Students curate art museum exhibit
The atmosphere at the Nora Eccles Harrison Art Museum on the day of an art exhibition opening could be summed up in one word: frenzy. Tables are set up for refreshments, and flowers are cut and put into vases. Deb Banerjee, museum curator, has been working with Rachel Middleman, assistant professor of art history, and her class of 13 art students to produce their exhibit called “Ideas, an exhibition.”
“It’s like a big party,” Banerjee said about exhibition openings.
The exhibition opened on Tuesday and marked the first event that the museum hosts for members to attend.
“Most museums have membership programs,” Banerjee said. “Most memberships have different levels, and we have a student level that is just $5.”
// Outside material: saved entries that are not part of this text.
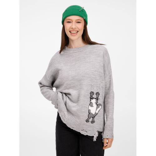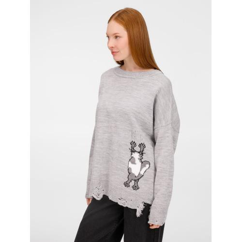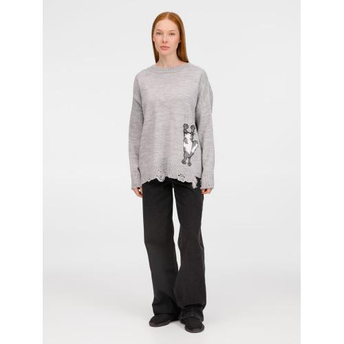 В дизайне мягкого джемпера с круглым вырезом Sharpick гранж-эстетика органично сочетается с милым акцентом — пушистым рисунком в виде озорного котика. Получается веселая вариация на тему того, откуда берется модная рваная одежда, а джемпер моментально создает настроение легкой несерьезности. Рваные края изделия добавляют современную нотку, а резинка на вороте, манжетах и по низу обеспечивает удобную посадку.
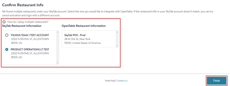 OpenTable. If there are multiple accounts, select the one you wish to connect to OpenTable and then select Finish.
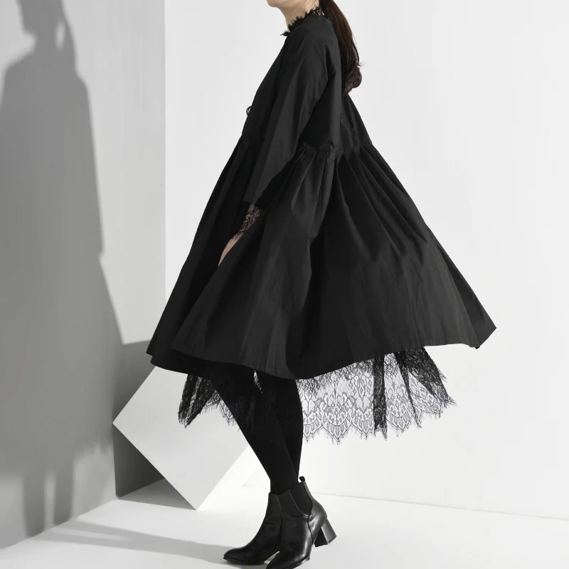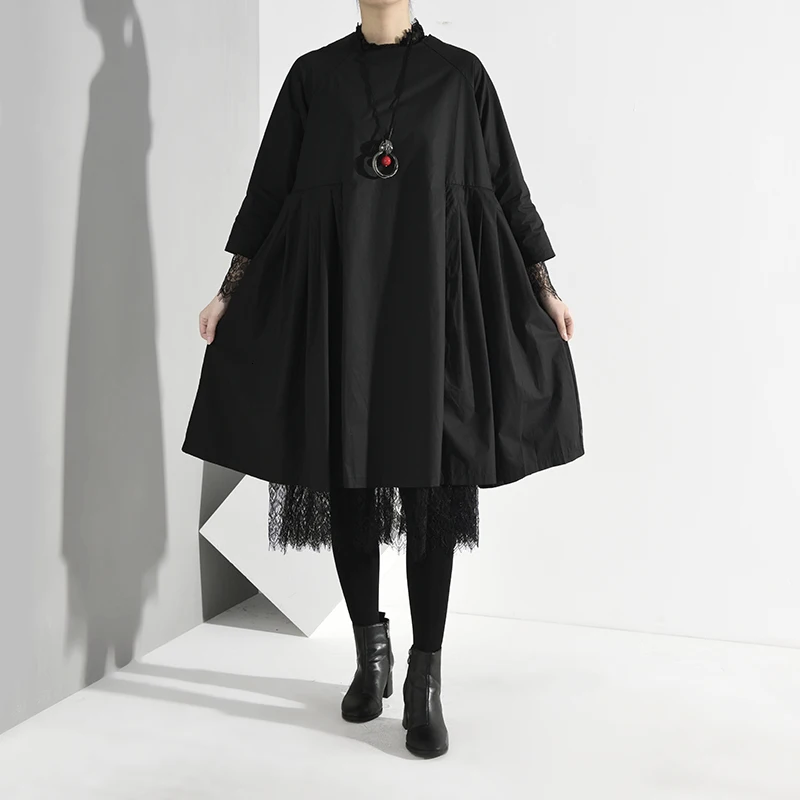 Special Offer [EAM] mujeres negro plisado malla dividida vestido nuevo cuello redondo manga larga suelta moda marea primavera otoño 2020 Y13101 Discount 35% Today!
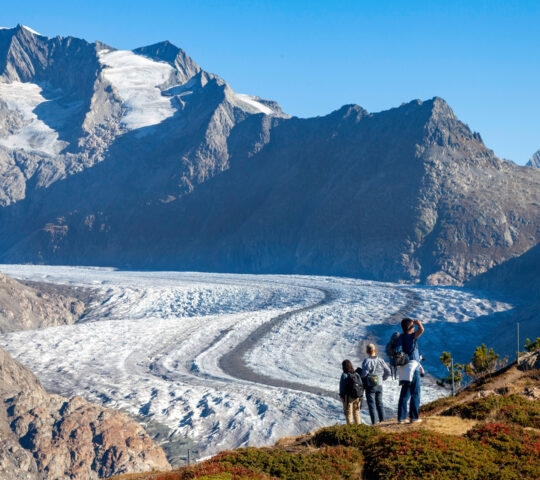 The Swiss Alps comprise about 2000 square kilometres of glaciers. Most typical are the valley glaciers, of which the Aletsch Glacier is the most extensive in Europe. The jewel of UNESCO’s Jungfrau-Aletsch World Heritage Site, it is a spectacular sight where an endless stream of ice makes its way towards majestic peaks.
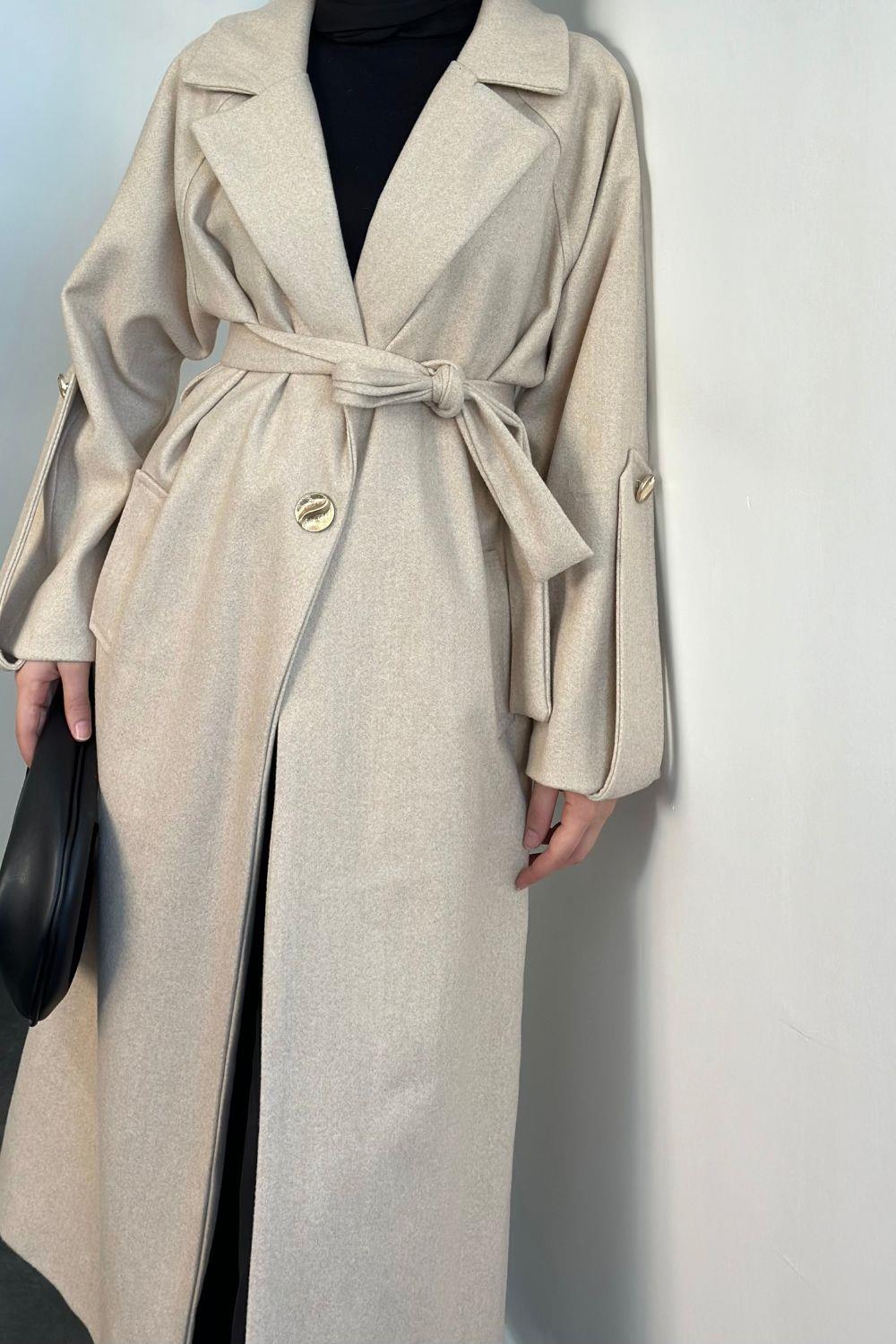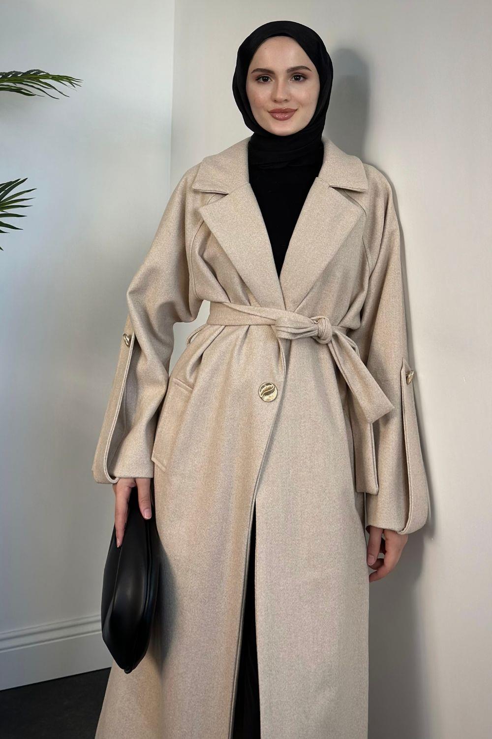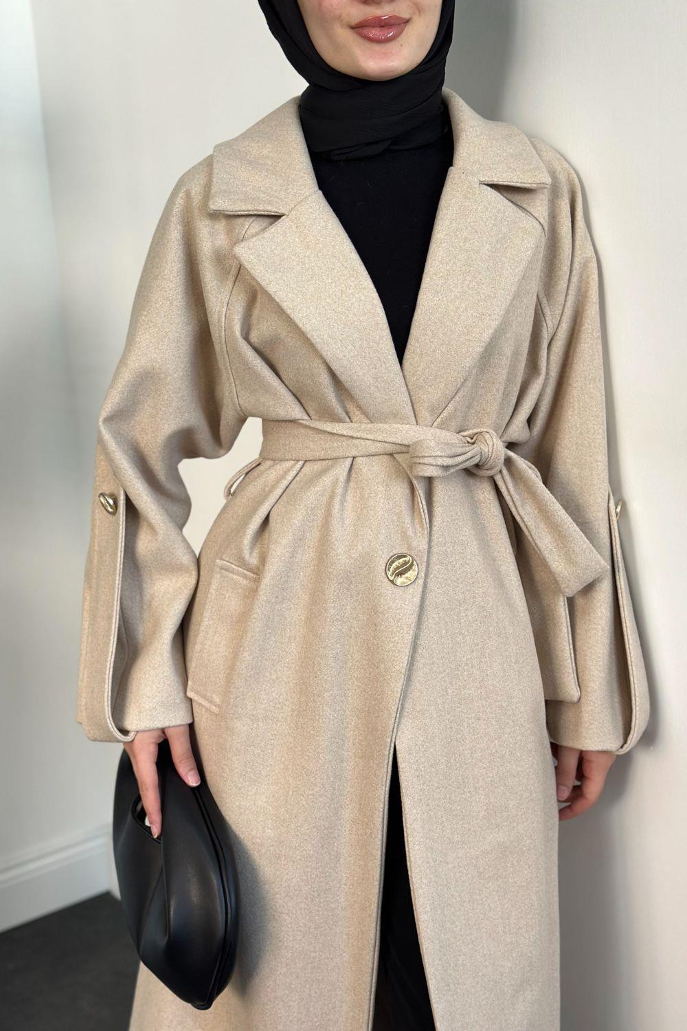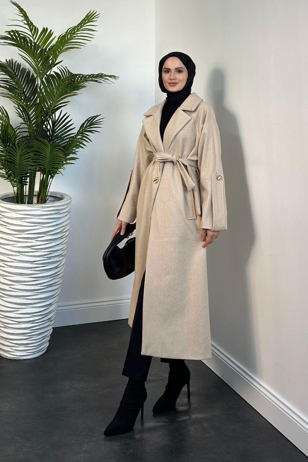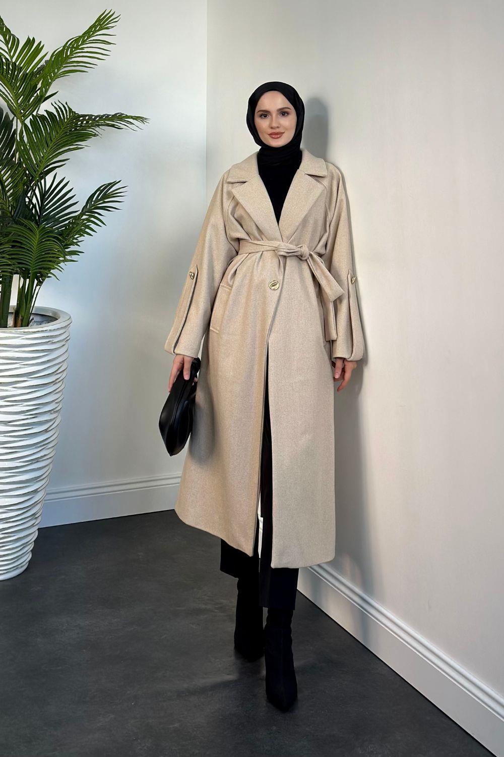 Prianca Astarlı Kuşaklı Kaban Krem
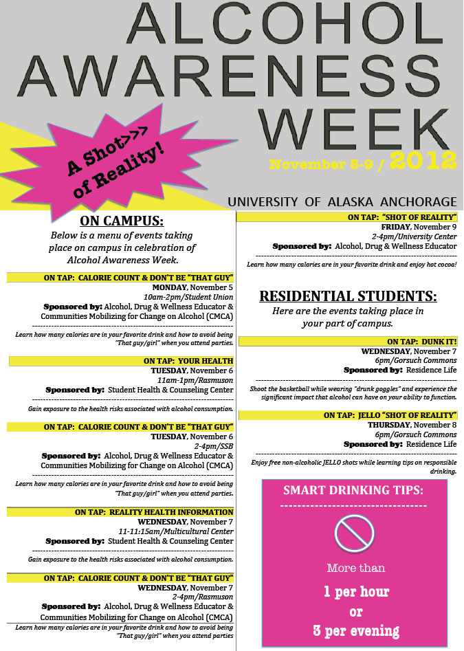 These events are all sponsored by a combination of supporters including Communities Mobilizing for Change on Alcohol, Student Health & Counseling Center and Residence Life. For more information, please contact Amanda Murdoch, Alcoho, Drug & Wellness Educator at (907) 786-1511 or armurdock@uaa.alaska.edu.

In the past, the museum has depended on memberships, and the nominal fees for these memberships would not be budget-friendly to students. But with the student memberships Banerjee said she hopes to increase student involvement in museum events.
“It’s just to encourage students to get involved and come to our events,” Banerjee said.
Events that museum members are invited to attend include gallery talks with visiting artists and special previews of new exhibits. Banejree said the museum also hosts events specifically geared toward students.
“Last semester we did a movie with some popcorn, sort of an evening event and this semester this event is kind of like the student opening,” Banerjee said.
The exhibition that opened this week was put together by students.
“It was part of an art history class,” Banerjee said. “They used objects already in the collection to curate a show.”
“The idea for the class was to see if we could use the museum as a sort of laboratory and get the students working hands-on with real art objects. So they did everything from selecting pieces, to doing research, to writing wall labels and installing it,” said Rachel Middleman, the professor of the class.
Students were assigned to pick one or two artifacts from the museum’s collection to research and prepare for showcase.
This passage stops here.